*Your goal:* The response should contain all of the data below, reproduced exactly, and no pictures.

--- Extracted material Enclosed Below ---

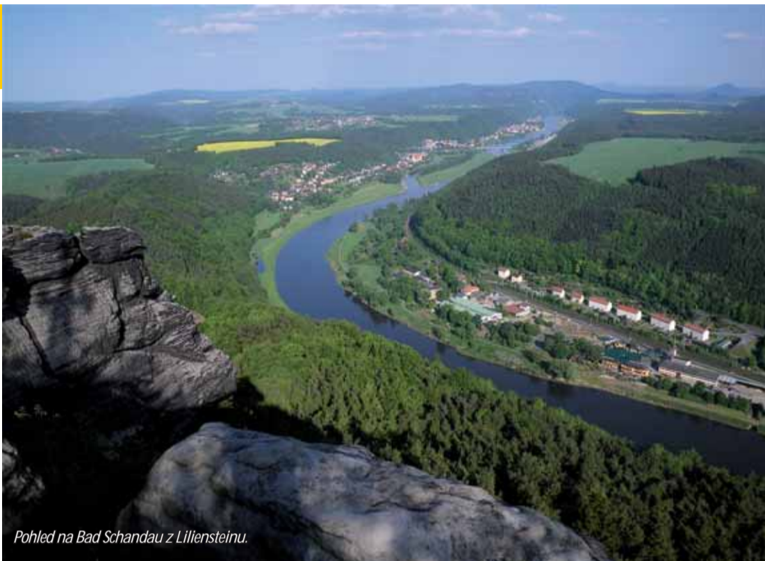
Pohled na Bad Schandau z Liliensteinu.
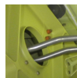
Рис. 2. Технологическое отверстие в силовом эл-те.

Система формирует два КТК для двух вариантов детали с разными радиусамигиба (рис 3). Два кода будут отличаться 4 знаком (радиусгиба) и, зависящего от него, 10 знаком (длина прямых участков). Согласно оценочным таблицам система подсчитывает две оценки технологичности – Z_1 для
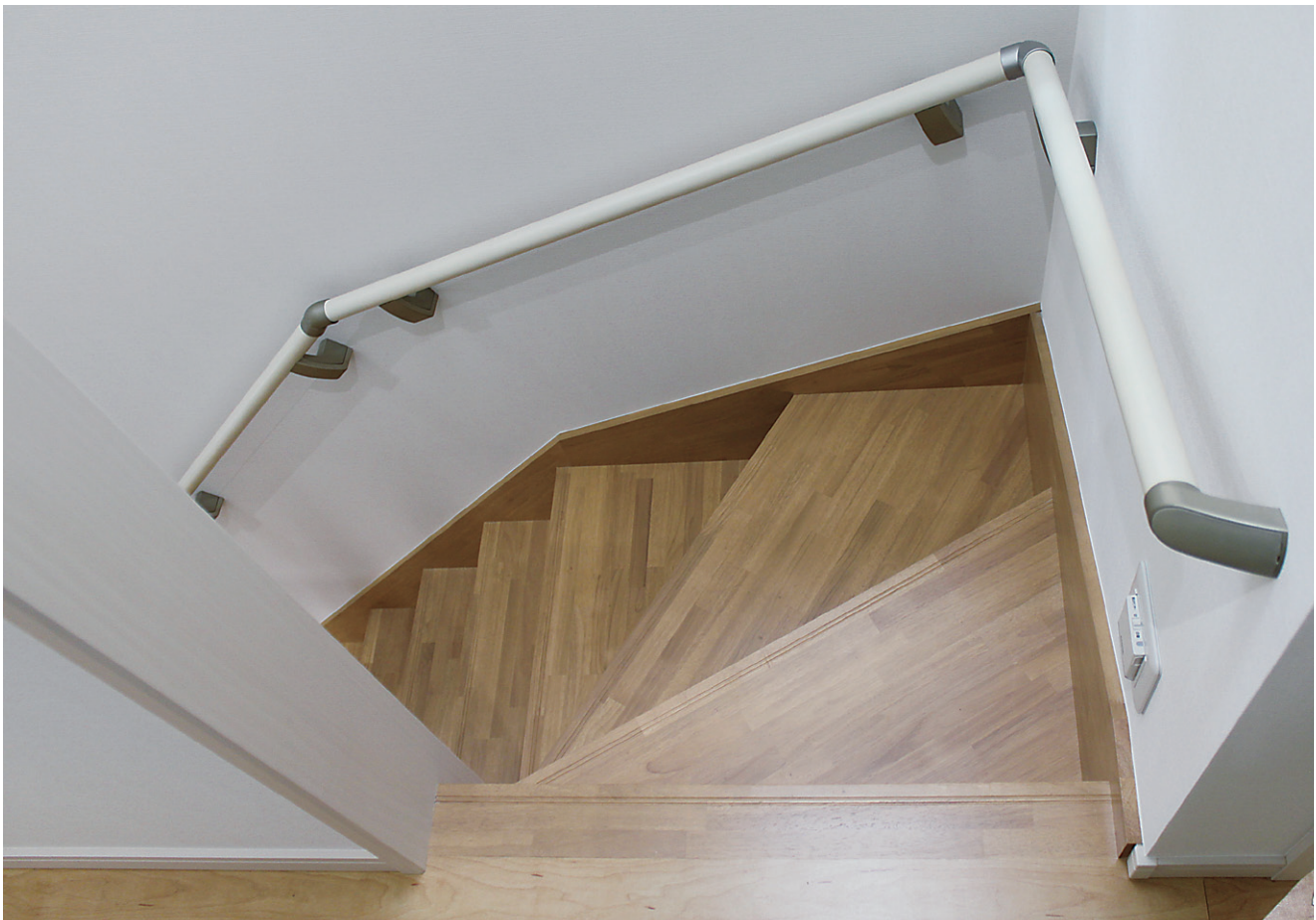
※この頁の写真は施工例です。
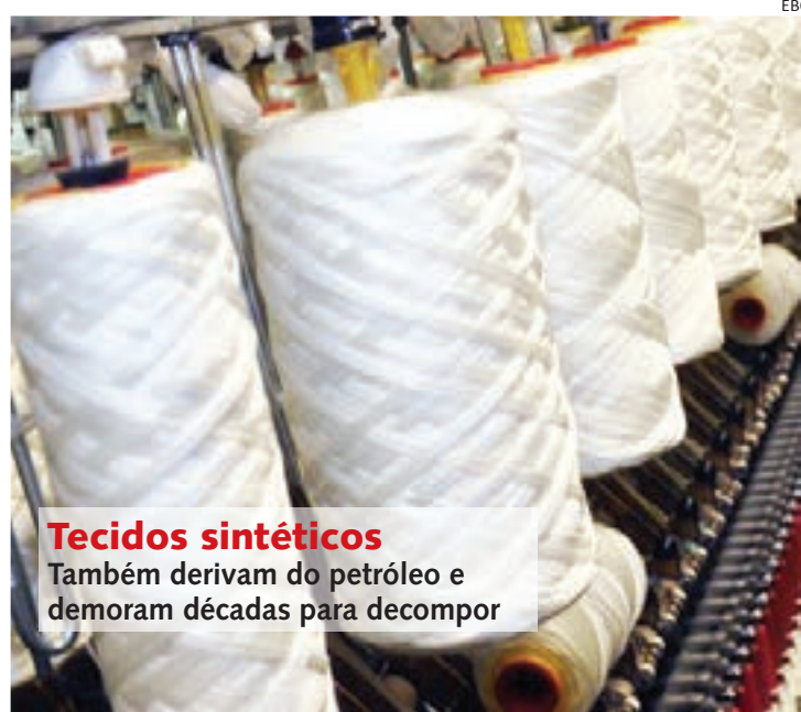
Tecidos sintéticos Também derivam do petróleo e demoram décadas para decompor

Atrás apenas da indústria do petróleo e da agropecuária, a indústria da moda é uma das mais danosas ao meio ambiente. Além do uso excessivo de água e outros recursos naturais, a confecção de roupas também gera muito lixo, já que a maioria das roupas na atualidade é feita para durar apenas uma estação.
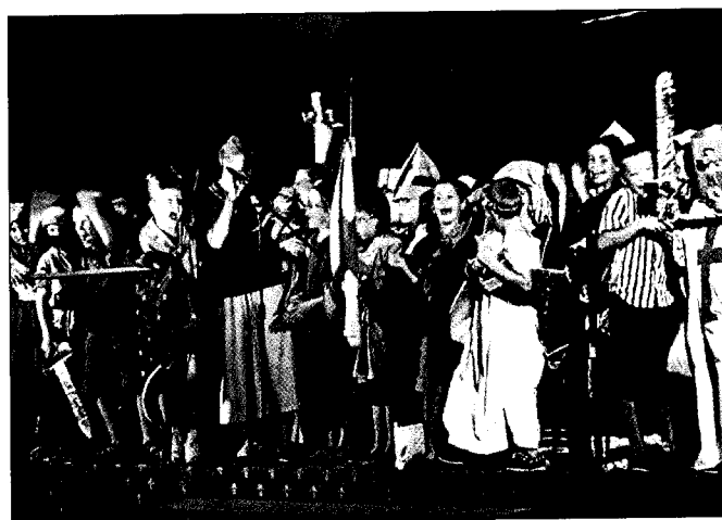
spectacle des plus grands sur l'histoire du Puy

Nous avons fait des tas d'activités dans nos groupes où nous étions répartis par tranches d'âges, et même, nous avons fabriqué un chapelet. Il y avait des gens très gentils qui nous ont aidés, et il y avait des religieux et des religieuses. On nous a raconté de très belles histoires. Pendant ce temps, les grandes personnes ont beaucoup discuté et nos parents
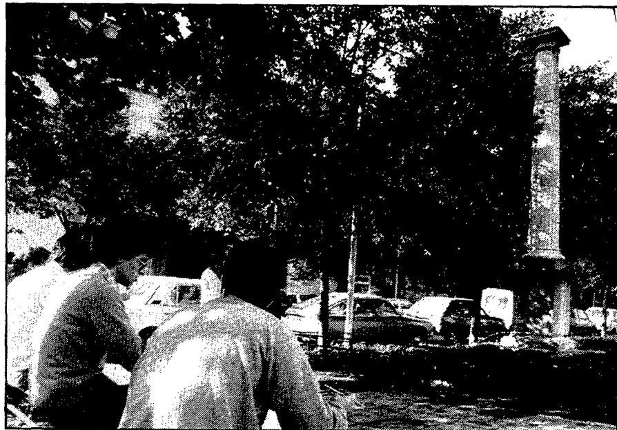
La columna commemorativa de la Constitució de 1869 havia estat abans a la plaça de la Independència i entre els desapareguts carrers del Pavo i Canaders

concretament el 1666 hom féu posar la primera pedra a un conjunt arquitectònic que des del seu començament es projecta com a centre de recuperació de malalts i com a església per al culte. De l'edifici, cal destacar el pati interior, d'una rellevant sobrietat i elegància, i que compta amb una sèrie d'esgrafiats molt notables obrats per Josep Maria Busquets, en un repertori ornamental típicament barroc realitzat l'any 1928. Es de destacar també la importància de la farmàcia —actualment restaurada— que data de la darrer part del segle XVII i començaments del XVIII, i que conserva uns 350 pots d'apotecari i una remarcable col·lecció d'instrumental quirúrgic.
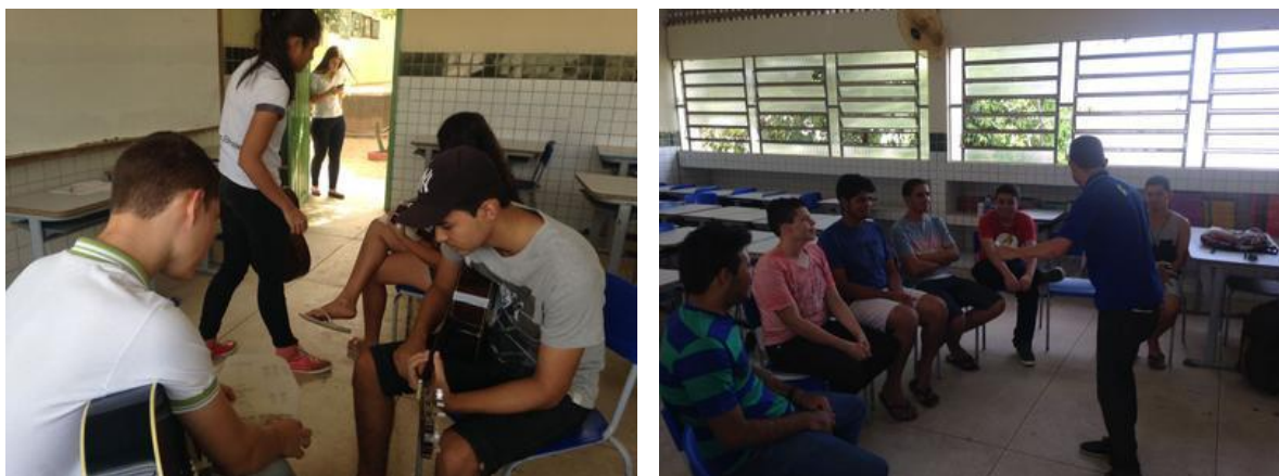
Figura 5 – Workshops na cidade de Araçagi.

A segunda cidade onde realizamos as metas do projeto foi Araçagi, cidade que fica a 10Km de Guarabira. O projeto foi desenvolvido na Escola Estadual de Ensino Fundamental e Médio Francisco Pessoa Brito no dia 23 de setembro de 2016.

--- End of Enclosed Extracted material ---

*Exercise response:*
Pohled na Bad Schandau z Liliensteinu.
Рис. 2. Технологическое отверстие в силовом эл-те.

Система формирует два КТК для двух вариантов детали с разными радиусамигиба (рис 3). Два кода будут отличаться 4 знаком (радиусгиба) и, зависящего от него, 10 знаком (длина прямых участков). Согласно оценочным таблицам система подсчитывает две оценки технологичности – Z_1 для
※この頁の写真は施工例です。
Tecidos sintéticos Também derivam do petróleo e demoram décadas para decompor

Atrás apenas da indústria do petróleo e da agropecuária, a indústria da moda é uma das mais danosas ao meio ambiente. Além do uso excessivo de água e outros recursos naturais, a confecção de roupas também gera muito lixo, já que a maioria das roupas na atualidade é feita para durar apenas uma estação.
spectacle des plus grands sur l'histoire du Puy

Nous avons fait des tas d'activités dans nos groupes où nous étions répartis par tranches d'âges, et même, nous avons fabriqué un chapelet. Il y avait des gens très gentils qui nous ont aidés, et il y avait des religieux et des religieuses. On nous a raconté de très belles histoires. Pendant ce temps, les grandes personnes ont beaucoup discuté et nos parents
La columna commemorativa de la Constitució de 1869 havia estat abans a la plaça de la Independència i entre els desapareguts carrers del Pavo i Canaders

concretament el 1666 hom féu posar la primera pedra a un conjunt arquitectònic que des del seu començament es projecta com a centre de recuperació de malalts i com a església per al culte. De l'edifici, cal destacar el pati interior, d'una rellevant sobrietat i elegància, i que compta amb una sèrie d'esgrafiats molt notables obrats per Josep Maria Busquets, en un repertori ornamental típicament barroc realitzat l'any 1928. Es de destacar també la importància de la farmàcia —actualment restaurada— que data de la darrer part del segle XVII i començaments del XVIII, i que conserva uns 350 pots d'apotecari i una remarcable col·lecció d'instrumental quirúrgic.
Figura 5 – Workshops na cidade de Araçagi.

A segunda cidade onde realizamos as metas do projeto foi Araçagi, cidade que fica a 10Km de Guarabira. O projeto foi desenvolvido na Escola Estadual de Ensino Fundamental e Médio Francisco Pessoa Brito no dia 23 de setembro de 2016.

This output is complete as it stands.